THE issue of The Standard of 24 September carried a story in which a young boy and his two brothers, aged five and eight, watched as their father battered their mother to death. This followed a domestic dispute.
Betty Makoni of the Girl Child Network, commenting in the same article said the experience of the three boys was a clear testimony of the terrifying effects of domestic violence and the more reason why the Bill on Domestic Violence should be passed in order to prevent loss of life, while protecting children.
After discussing this matter with friends whether the existence of an Act would have prevented Tichaona's father from murdering his wife, we concluded that such an Act would not have prevented the murder. This is because the husband was aware that murdering someone attracts capital punishment.
The question is why did Tichaona's father end up taking such a suicidal measure? My view is that it is not the existence of relevant legislation that stops domestic violence, rather it is identification of the real causes of domestic violence that will help stakeholders in coming up with the best way of dealing with it.
Advocates of the Bill on Domestic Violence concentrate on events that actually took place on the day of the violence, highlighting its horrific moments, without due regard to the causes and symptoms of domestic violence. As a result, these advocates are likely to come up with the wrong cure to domestic violence.
My view - which I have shared with friends and colleagues - is that it is extreme provocation that often drives the perpetrators of domestic violence to such tragic actions. The case of the late Oliver Tengende, is an example.
There are various types and degrees of provocation just as there are of domestic violence. In most of the literature that I have come across, infidelity is the most common cause of domestic violence. The current economic hardships have seen individuals chasing every opportunity that arises, no matter how unethical or immoral it may be, in order to survive. This has seen an upsurge in extra-marital affairs. It is very common to see couples shouting or fighting over trivial issues with infidelity surfacing as the underlying cause.
During the best of times in love affairs, some individuals spend a fortune on their sweethearts, buying them houses and furniture, sending them to school and finding employment for them. However, the moment this spouse, boyfriend or girlfriend starts looking down upon his or her partner and begins the process of dumping him or her, violence is imminent.
Equal rights have been misconstrued within the family set up to mean that husband and wife become "co-presidents" of the house. It is common that whenever people get together, there should be a leader. While most modern women face a major challenge because men believe they should have the final say whenever there is a deadlock.
If we have a situation where the woman believes she is more intelligent and that her spouse is intellectually challenged, we end up with a situation where both will seek to assert their authority in the house. The result is that either one of them gives up or it will only be a matter of time before domestic violence occurs.
Small houses have become another cause of domestic violence. Various forms of domestic violence are likely to erupt as the husband spends most of the time away with the small house.
But small houses themselves can give rise to domestic violence, especially when they decide to dump boyfriends for new ones. Physical violence and stalking usually result.
Fear of splitting assets into two equal halves after divorce or separation has kept some marriages intact but such marriages have become associations between two enemies. It is usually the man who fears losing in the event of a family splitting up. Spiritual abuse, such as the use of juju, which is not mentioned in the Bill is most likely to take place. Solution to this cause requires the intervention of professional counsellors because one needs to be armed psychologically to face the consequences of divorce.

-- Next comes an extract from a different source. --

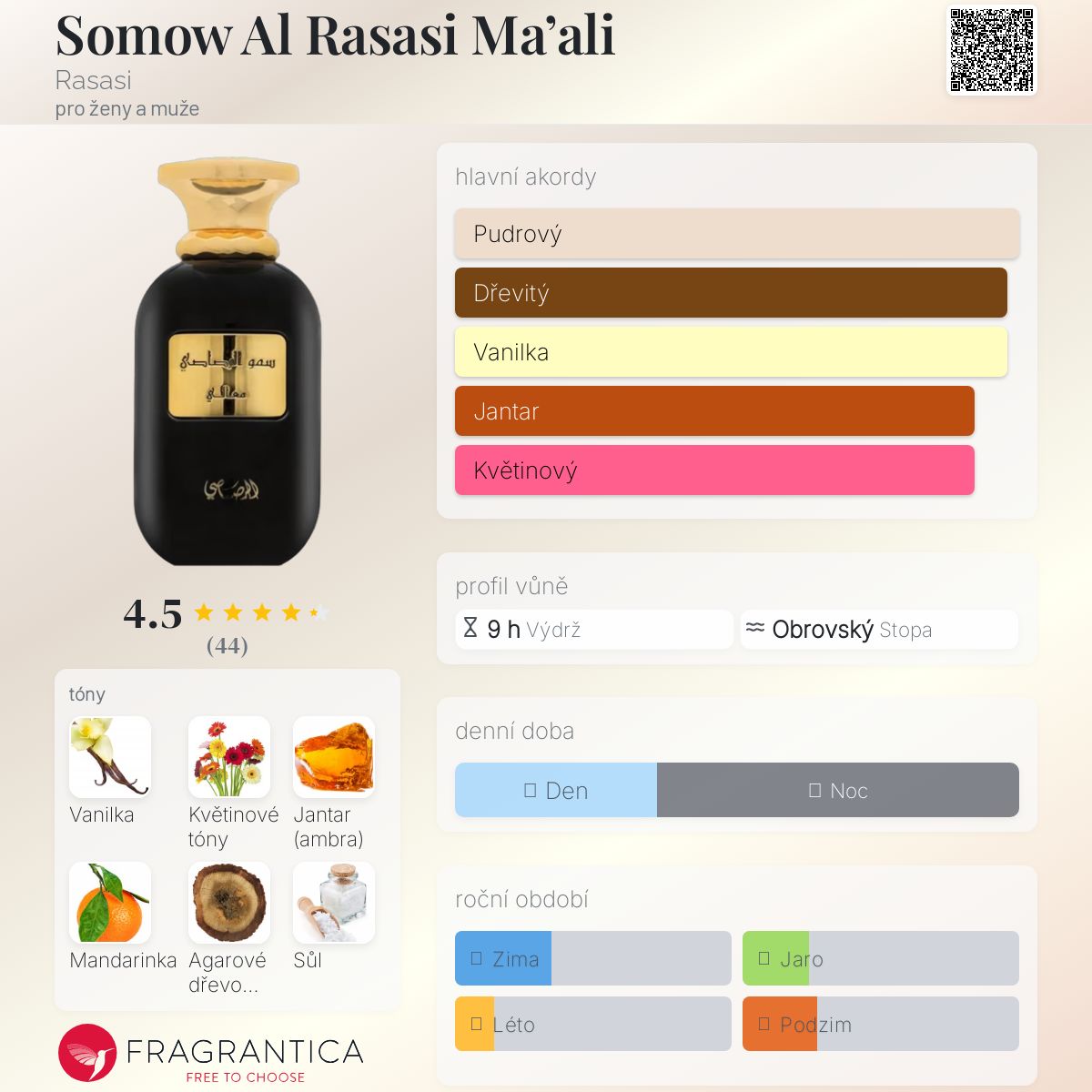 Somow Al Rasasi Ma’ali podle Rasasi je vůně pro ženy a muže. Somow Al Rasasi Ma’ali byl/a uveden/a v roce 2021. Vrchní tóny jsou Vanilka, Mandarinka a Lískový oříšek; střední tóny jsouKvětinové tóny, Jantar (ambra) a Sůl ; základní tóny jsou Agarové dřevo (oud), Santalové dřevo a Pižmo.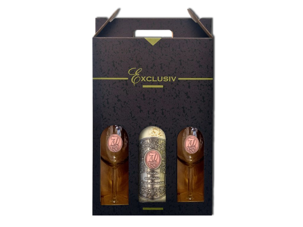 Darčekový set obsahuje Gold Cuvee 23 karátové zlaté lupene - nápoj s 23 karátovým zlatom s kovovou etiketou s venovaním všetko najlepšie k narodeninám s vekom + 2 ks pohár na víno s brondzovou pečaťou, darčekové balenie exlusive.

However, there are other forms of abuse, which are mostly centred on lack of mutual respect for each other. In my opinion, it is not the existence of a piece of legislation that discourages domestic violence. Rather it is the understanding of one another in a relationship, giving each other responsibilities, the ability not to over-reach each other and the need to be together even during trying times.
Extensive outreach programmes targeting every citizen in the format of the HIV/AIDS awareness campaigns should be launched. They should be carried out by trained anti-domestic violence counsellors and should target everybody because at one point in life one is likely to be an instigator, perpetrator or a victim of domestic violence.